El corazón trágico de Cumbres Borrascosas de Emily Brontë es una novela gótica que ocurre en una sociedad jerárquica y opresiva. Expone la fragilidad del amor y cómo se distorsiona fácilmente en una obsesión peligrosa. Como es lógico, no tiene un final feliz.
Aunque la tragedia persigue a todos los personajes, pocos sufren tanto como Isabella Linton. Ignorando los motivos vengativos de Heathcliff, queda atrapada en un matrimonio terriblemente abusivo, del cual solo escapa huyendo a Londres. Aunque es una víctima, también tiene agencia; logra huir de su abusador, aunque con profundas cicatrices. Es un momento crucial para su personaje, que ha sido eliminado en la "adaptación" de Emerald Fennell.
Fennell no es ajena a la controversia. La película ha sido muy criticada, principalmente por el evidente blanqueamiento de Heathcliff y la eliminación de la autenticidad regional. Tras borrar la etnia de Heathcliff para facilitar una fantasía romántica, Fennell reduce a Isabella a una participante voluntaria en prácticas BDSM; encadenada y tratada como un perro, ella consiente esta humillación. Para quien no conozca la obra original, puede parecer una escena provocadora, pero Isabella se convierte esencialmente en el perro que Heathcliff ahorca en la novela. Con ese contexto, es difícil ignorar la fetichización de su degradación.
Algunos argumentan que esta decisión le da agencia a Isabella, pero en la película ella es una herramienta narrativa para Heathcliff, no un personaje que se desarrolla por sí mismo. Se convierte en otra víctima más del "fridging", un término acuñado por Gail Simone que describe cómo muchos personajes femeninos son dispositivos de trama desechables y sin profundidad, que solo existen para servir a otro –normalmente un hombre–.
Fennell ha rechazado las acusaciones de alterar la obra original. En una entrevista, la directora argumentó que, aunque "agregó cosas visuales" a la escena del perro, es "casi todo de Brontë". Jacob Elordi dio una visión alternativa, diciendo que muestra a Heathcliff e Isabella yendo "al extremo" viviendo en un "infierno" de su propia creación. Curiosamente, añadió que esta relación enfatiza cómo la obsesión de Heathcliff con Cathy se ha convertido en una "desesperación rabiosa", como si eso excusara la fetichización de Isabella.
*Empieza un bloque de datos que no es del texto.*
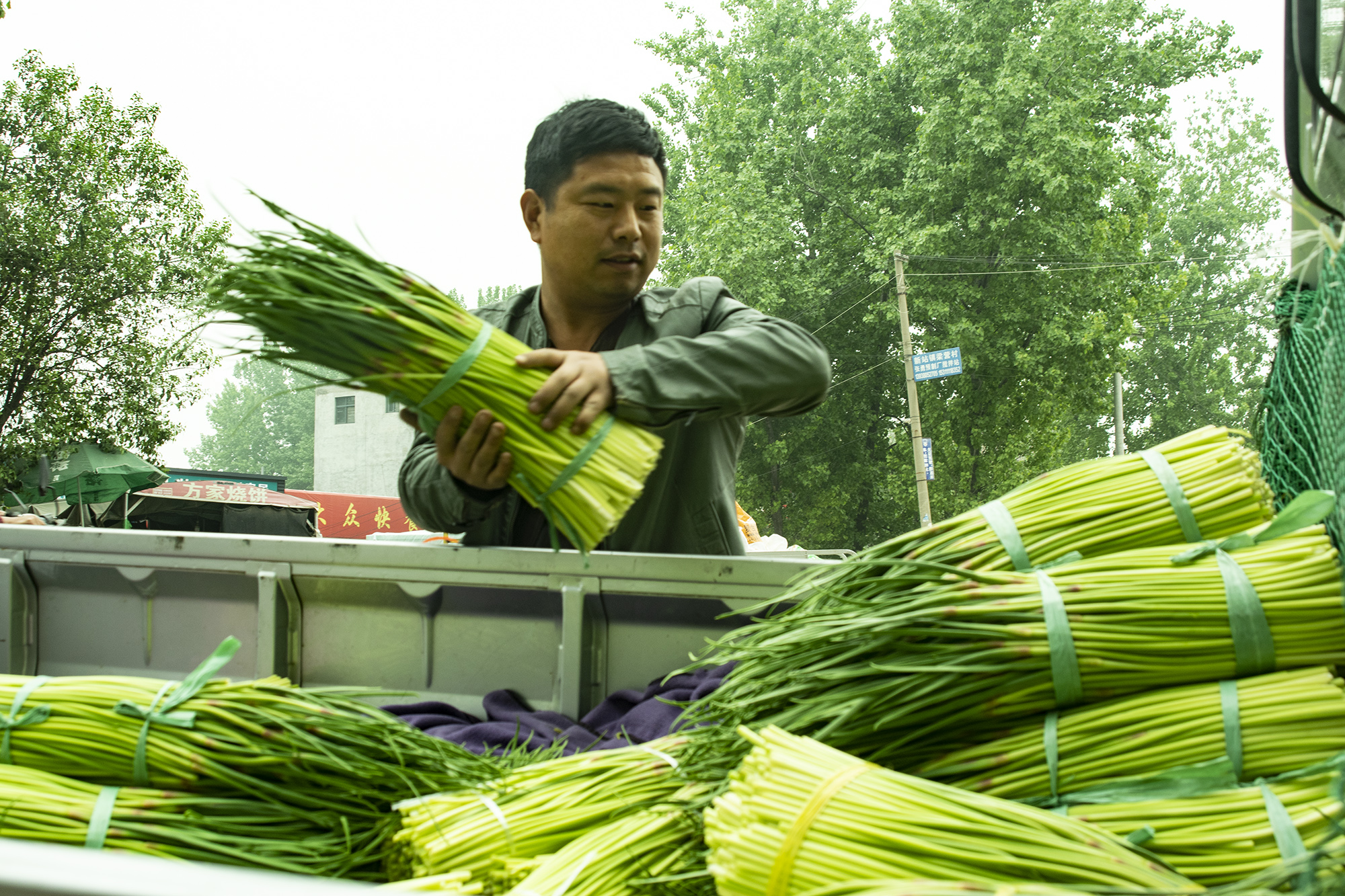 姚路口村一對老夫婦在自己蒜地里提取晚蒜薹

Esto solo reafirma que su personaje afecta a Heathcliff, siendo su sumisión una extensión de su experiencia, no de la de ella.
Aún más preocupante es que el supuesto consentimiento de Isabella refleja lo que se conoce como la "defensa de sexo violento". Durante décadas, acusados han argumentado que causaron daño, a veces mortal, durante actos de sexo duro consentido. La culpa recae en la víctima; son la causa de su dolor porque aparentemente consintieron. Es una de las muchas formas de excusar la violencia contra las mujeres.
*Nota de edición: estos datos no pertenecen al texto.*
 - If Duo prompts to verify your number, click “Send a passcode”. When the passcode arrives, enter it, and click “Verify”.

Para los supervivientes de abuso, ver a Isabella convertida en una caricatura objetivizada es alarmante. Envía un mensaje preocupante a espectadores cuyo único contacto con Cumbres Borrascosas es a través de la versión "girlypop" de Fennell y no de la obra maestra gótica de Brontë. La ejecución de Fennell es deliberada, diseñada para impactar; un recurso barato y sexualizado que pierde por completo el punto del trauma generacional que Brontë explora. Al convertir a Isabella en una sumisa consentidora, Fennell implica que las acciones de Heathcliff, aunque perversas, son más digeribles para el público. Su comportamiento parece menos monstruoso. Incluso, sexy.
Lamentablemente, romanticizar relaciones abusivas no es exclusivo del trabajo de Fennell. La reciente película Pillion, basada en Box Hill de Adam Mars-Jones, también suavizó el material más duro del libro original. Lo que en el libro se describía como una violación, se convierte en un intercambio consensuado, aunque carente de límites claros. En un intento por evitar el sensacionalismo, la eliminación de la escena de violación termina romanticizando el abuso.
Aún así, Pillion resulta incómoda de ver, mostrando una dinámica extrema que resulta más cruda que lo visto en Cumbres Borrascosas. Fennell ha citado su lectura adolescente del libro, lo cual colorea su interpretación; con su cinematografía lujosa y diseño extravagante, su película carece de complejidad transgresora o malestar genuino.
La novela de Brontë es una historia de violación. No está pensada para ser excitante o provocativa; trata sobre un trauma no sanado que envenena a todos los que toca. El mundo de angustia de Brontë no puede y no debe reconciliarse con la ingenua fantasía que Fennell propone. La cineasta le ha robado su historia a Isabella para vender una grotesca sexualización de una superviviente de violencia doméstica.